But if OSIRIS-REx succeeds, it will gather material from the very earliest days of the solar system — material that could carry clues about our beginnings and perhaps even the ingredients for life.
The choice to sample from this challenging site was announced last week at the annual meeting of the American Geophysical Union.
“It was not an easy decision,” Lori Glaze, director of NASA’s planetary science division, told colleagues at a NASA town hall. “But I think this is what we’re doing at our best.”
OSIRIS-REx’s target asteroid, Bennu, is the size of the Empire State Building and the shape of a Fruit Gusher candy. Instead of sugar, it’s made of carbon-rich rock — the kind of material researchers believe is representative of the disk of swirling gas and dust from which the solar system formed.
The spacecraft is equipped with an extendible arm containing a nitrogen gas canister and a sample collection tube. Sometime next August, in a maneuver that has been compared to a high-five, a kiss and blowing a raspberry, it will descend to Bennu’s surface, reach out the arm, and release a puff of gas that sends pebbles and dust flying up from the surface and into the collection tube.
The probe has been surveying Bennu in painstaking detail for more than a year, searching for the perfect place to conduct this complex operation. Bennu is the smallest object a spacecraft has ever orbited, and OSIRIS-REx has already gotten closer to the asteroid than any other craft has gone before.
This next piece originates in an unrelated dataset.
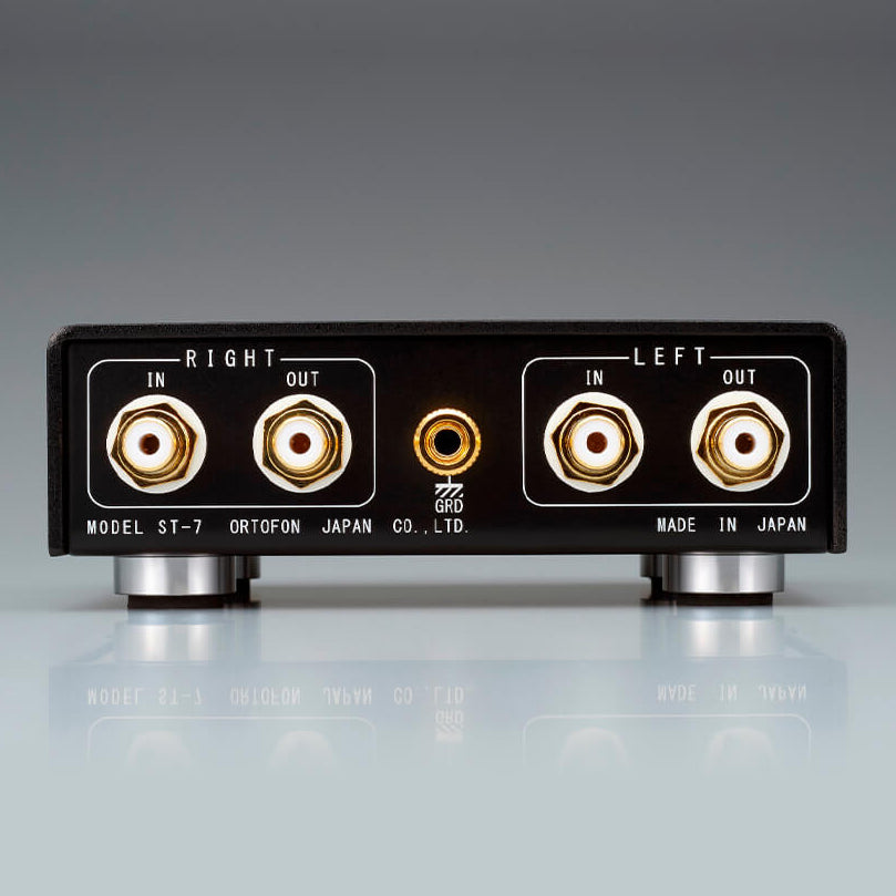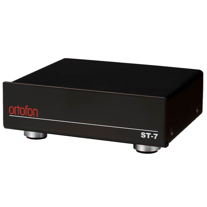 The ST-7 marked the return of Ortofon producing more affordable step up devices. Housed in a small but beautifully made metal enclosure, the ST-7 features sandwich winding in the transformer which is claimed to significantly improve the high frequency response and provide a very clear and open sound over the whole frequency range.

The terrain across the asteroid is far more treacherous than OSIRIS-REx was originally designed to navigate. Where scientists had expected to find a relatively smooth and dust-covered surface, Bennu is “rocky and blocky,” Glaze said, with very little material fine enough to fit in the sampling instrument. The spacecraft could be irreversibly damaged if a quirk of gravity or minute flying miscalculation directed it into one of Bennu’s crags or cliffs. And whatever maneuvering OSIRIS-REx might need to do, it will have to do alone. Radio signals take 15 minutes to travel from Bennu to Earth — much too long for scientists on the ground to operate the probe like a remote-controlled model airplane.
So, over the course of OSIRIS-REx’s many orbits, engineers have built a map of all Bennu’s many hazards. Using a tool called Natural Feature Tracking, OSIRIS-REx will be able to match what it sees during its descent with the prepared list of objects to avoid. Michael Moreau, an engineer at NASA’s Goddard Space Flight Center and navigator for the mission, estimated that the upgrades to the probe’s navigational systems have made it five times more precise.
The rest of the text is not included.